Instructions to follow: Omit every picture, and retype the lines that run from the beginning of the data below through the line containing "Fotografias publicitárias com", inclusive.

Provided material:
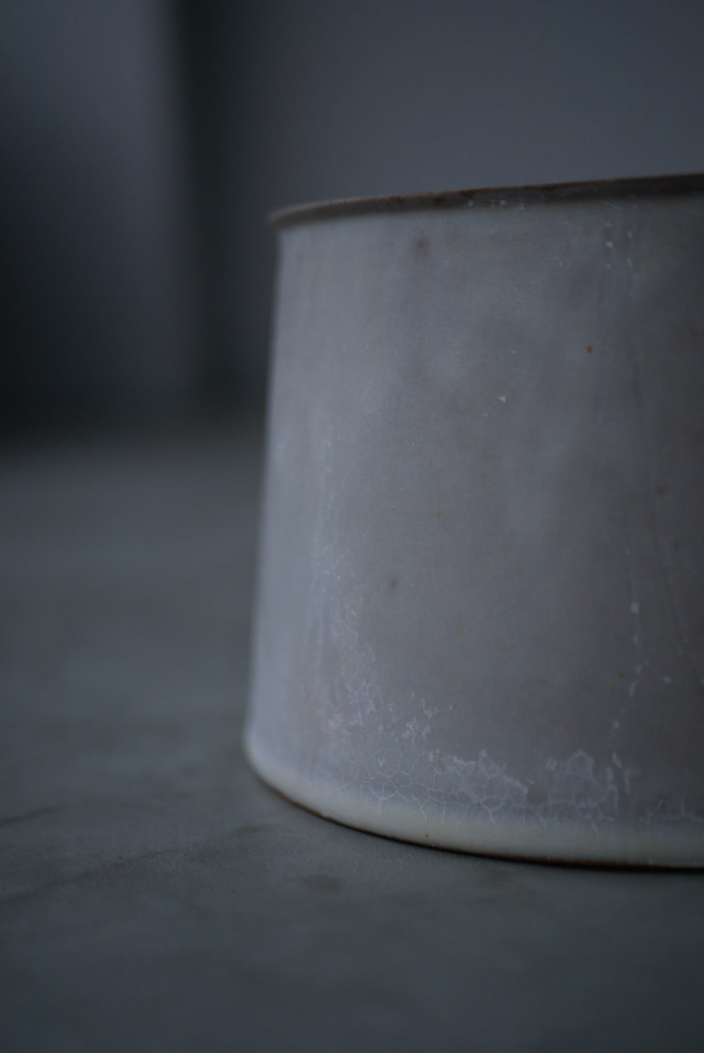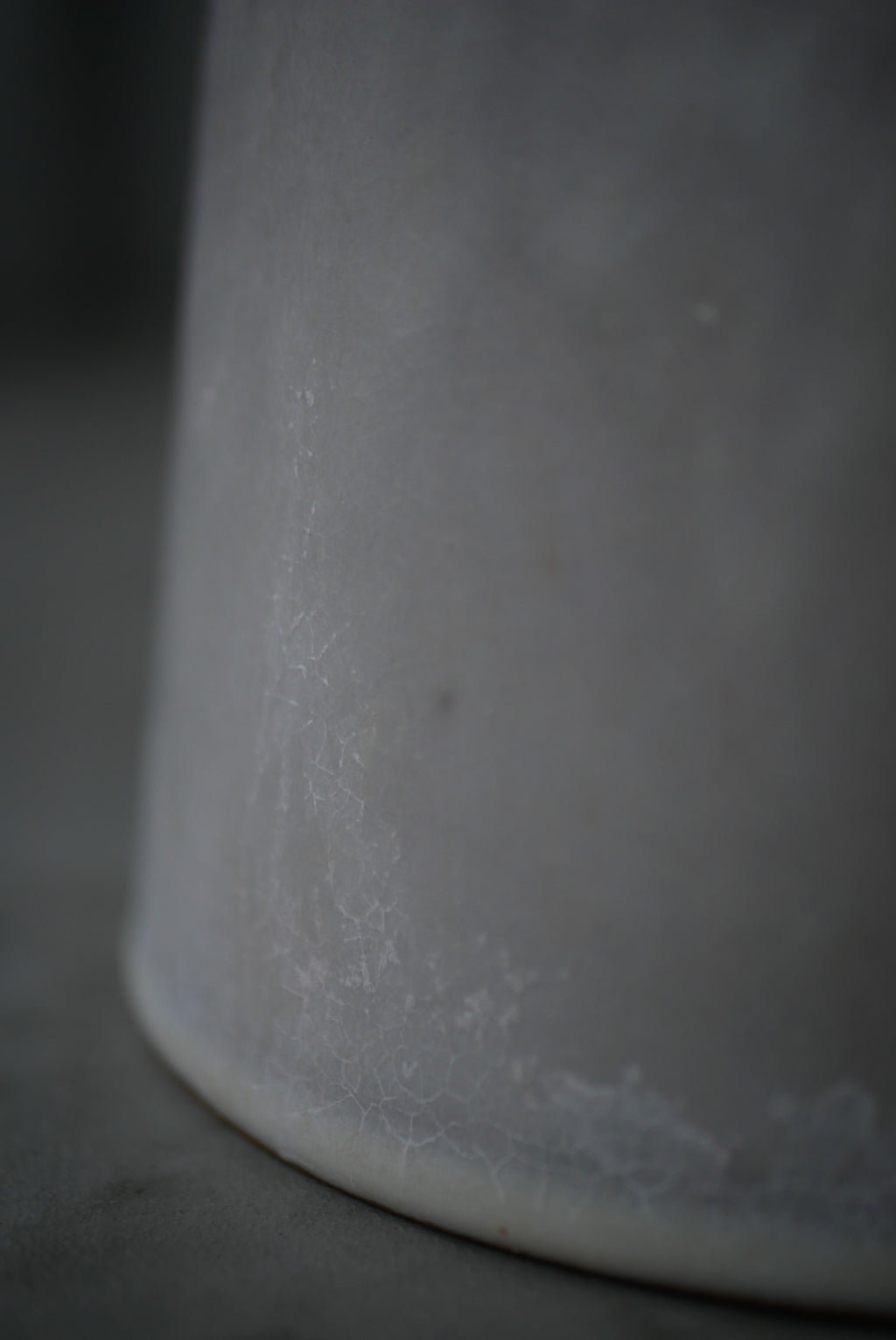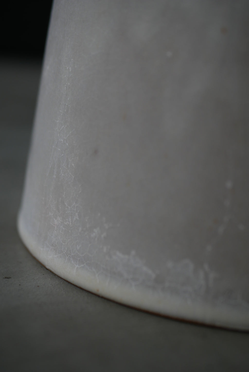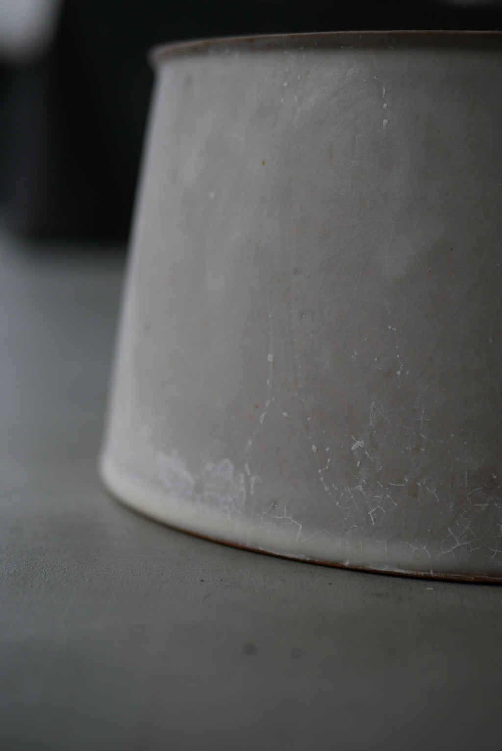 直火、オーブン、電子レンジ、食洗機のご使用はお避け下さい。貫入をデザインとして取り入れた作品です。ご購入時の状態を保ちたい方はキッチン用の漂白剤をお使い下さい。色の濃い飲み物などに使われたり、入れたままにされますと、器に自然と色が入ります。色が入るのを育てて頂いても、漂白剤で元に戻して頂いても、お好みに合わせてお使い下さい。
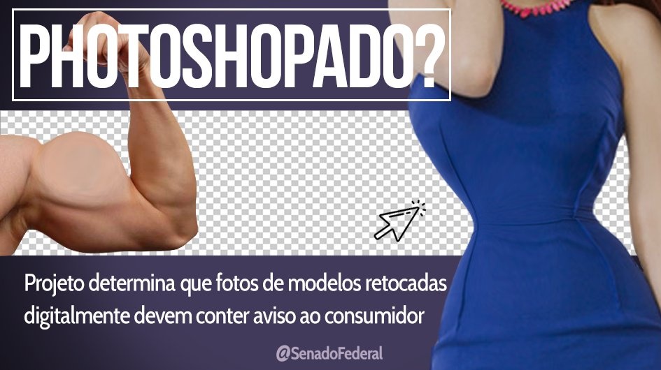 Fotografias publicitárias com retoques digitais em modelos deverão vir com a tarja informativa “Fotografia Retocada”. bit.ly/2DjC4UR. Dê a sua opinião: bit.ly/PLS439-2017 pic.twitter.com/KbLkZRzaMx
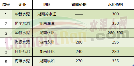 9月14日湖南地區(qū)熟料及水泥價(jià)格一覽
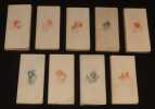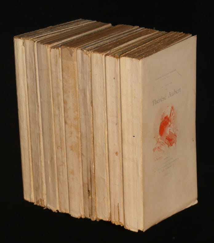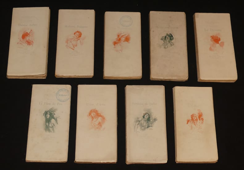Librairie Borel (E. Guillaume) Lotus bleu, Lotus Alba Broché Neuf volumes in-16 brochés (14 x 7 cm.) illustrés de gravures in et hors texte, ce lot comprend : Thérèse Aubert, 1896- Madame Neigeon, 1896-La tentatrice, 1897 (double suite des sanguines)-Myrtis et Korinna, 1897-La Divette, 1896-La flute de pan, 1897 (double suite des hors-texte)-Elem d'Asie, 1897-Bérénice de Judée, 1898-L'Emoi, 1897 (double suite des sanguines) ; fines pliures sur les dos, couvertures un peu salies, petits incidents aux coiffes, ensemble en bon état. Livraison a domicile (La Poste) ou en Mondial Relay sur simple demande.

Finished exercise:
 直火、オーブン、電子レンジ、食洗機のご使用はお避け下さい。貫入をデザインとして取り入れた作品です。ご購入時の状態を保ちたい方はキッチン用の漂白剤をお使い下さい。色の濃い飲み物などに使われたり、入れたままにされますと、器に自然と色が入ります。色が入るのを育てて頂いても、漂白剤で元に戻して頂いても、お好みに合わせてお使い下さい。
 Fotografias publicitárias com retoques digitais em modelos deverão vir com a tarja informativa “Fotografia Retocada”. bit.ly/2DjC4UR. Dê a sua opinião: bit.ly/PLS439-2017 pic.twitter.com/KbLkZRzaMx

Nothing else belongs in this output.